SAM or Active Directory?

In Windows NT and later, user security principal accounts (group and service accounts) are stored either in the local SAM database or in Active Directory. When you create a Windows honeypot, you need to decide where to create and store the user accounts.

It is probably easiest, and most secure, to create the user accounts in the local SAM. Most hackers attack the local administrator account, even if Active Directory is installed. Installing Active Directory means either making the honeypot system a domain controller or creating a secondary honeypot as the domain controller. Still, using Active Directory on a honeypot adds realism. And if you install Active Directory, you can use Group Policy Objects to install and manage user accounts and security settings. Without Active Directory, only the Local Security Policy is available (on Windows 2000 and later). As compared to Active Directory’s Group Policy Objects, the Local Security Policy is significantly limited. See the “Automating Security” section later in this chapter for more details.

Hacker’s Choice?

So, which OS and applications do hackers prefer? How can you make the most attractive honeypot? First, remember that 99.9% of the attacks against most honeypots come from automated malicious programs. This means that most attacks will randomly assault your honeypot whether or not the honeypot contains a particular piece of software. To create an exploitable honeypot, it needs to contain vulnerable weaknesses and be contactable over the Internet. With that said, many honeypot administrators find high levels of exploitation using the following honeypot scenarios:

• Windows NT Server 4.0, Service Pack 2 or earlier

• Any version of Windows with weak or blank administrative passwords

• Any unpatched version of IIS

• IIS servers with Front Page Extensions installed

• Any version of Windows with open, unprotected (without passwords) network shares, although Windows 9x systems are attacked more often because of their lack of NTFS security permissions

• Any version of Windows with port 135 (RPC) open to the Internet

• Any Windows Server version with FTP actively running

• SQL Server machines with blank SA passwords running on ports 1433 and 1434

• Exchange Server machines with open relaying allowed or with anonymous authentication allowed

In order to attract malicious exploits and hackers, create a honeypot with unpatched software or applications, attach it to the Internet, and allow its ports to be probed. Most honeypot systems following these guidelines report malicious scans within hours, or even minutes.

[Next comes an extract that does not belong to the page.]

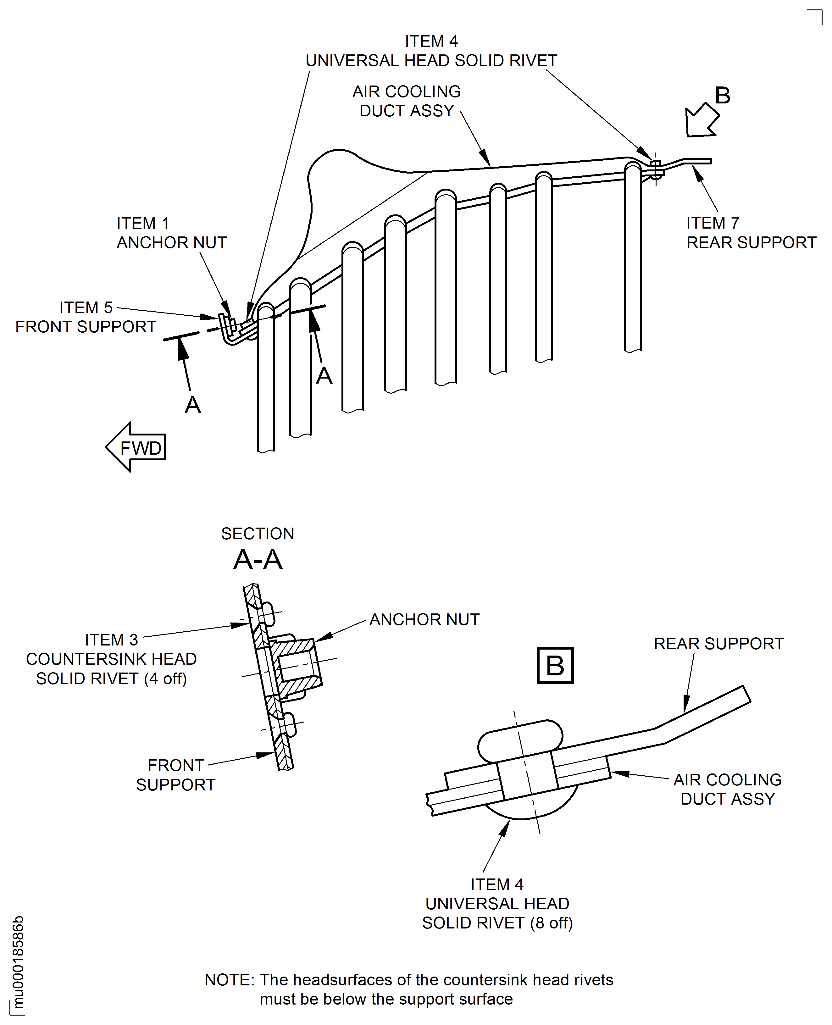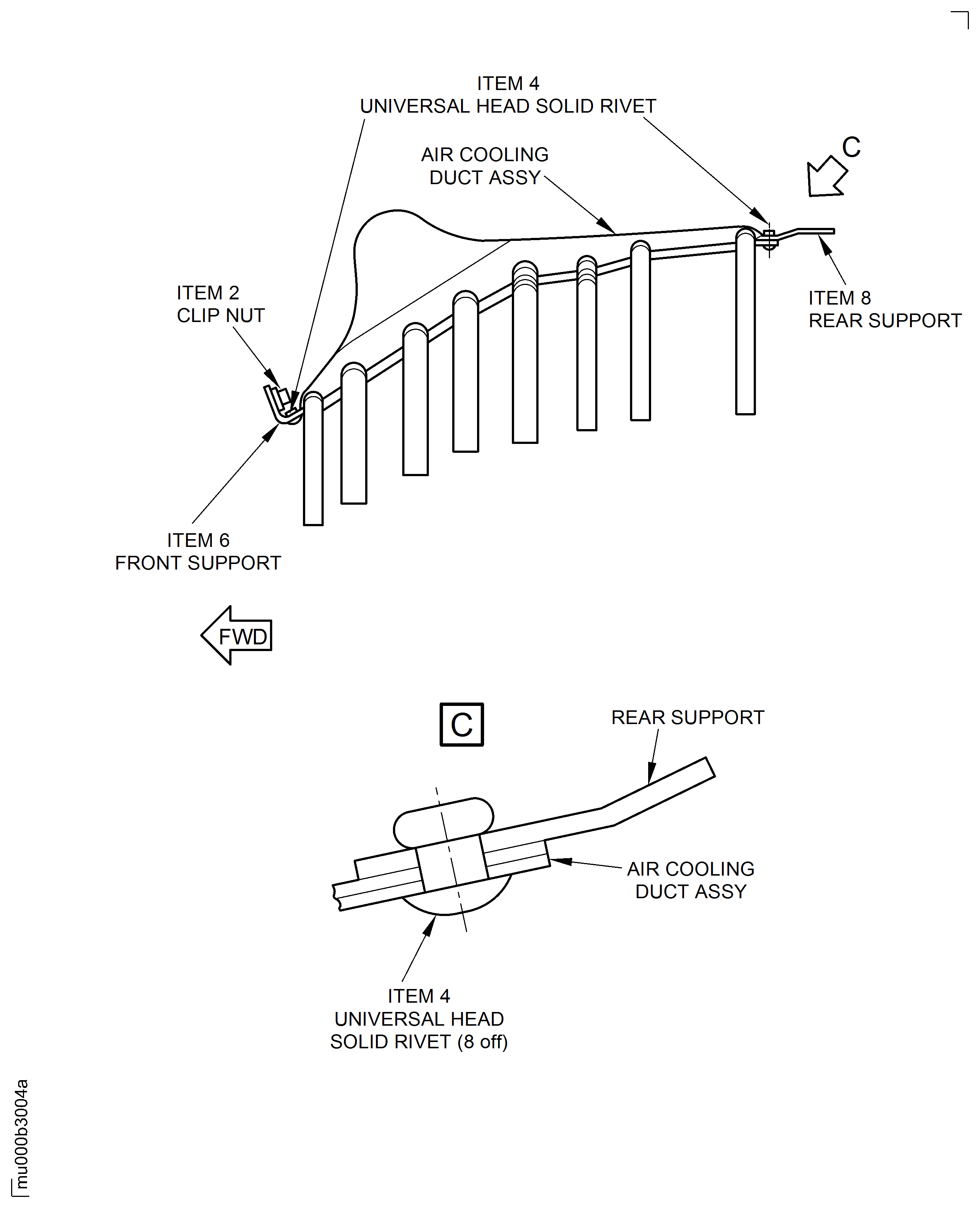 Install the front support with the universal head solid rivets on to the upper and lower air duct cooling assemblies.

What Hardware Is Required?

What hardware should you use to support a honeypot running one of the Windows OSs? Table 4-1 lists the minimum and recommended CPU, RAM, and hard drive (HD) requirements for the most common OSs. Hard drive size refers to free space available.

The values shown in Table 4-1 are the minimum and recommended requirements according to Microsoft. I use a more general rule of thumb. For honeypots, I recommend a computer with a relatively new CPU and the RAM and hard drive sizes listed in Table 4-2.

If you are planning to run your honeypot as a VM session, you will need enough RAM on the host computer to run the VM software, plus enough RAM and CPU power for each concurrently running virtual session. In my experience, you need at least 128MB to 256MB of RAM set aside for the VM host itself (assuming it is running on Windows 2000 or XP), and any of the latest CPUs are capable of adequately supporting multiple VM sessions. For example, I run three Windows Server 2003 honeypot VM sessions on a computer with 1GB of RAM. I give the host machine and each of the virtual sessions 256MB of RAM (256MB × 4=1GB).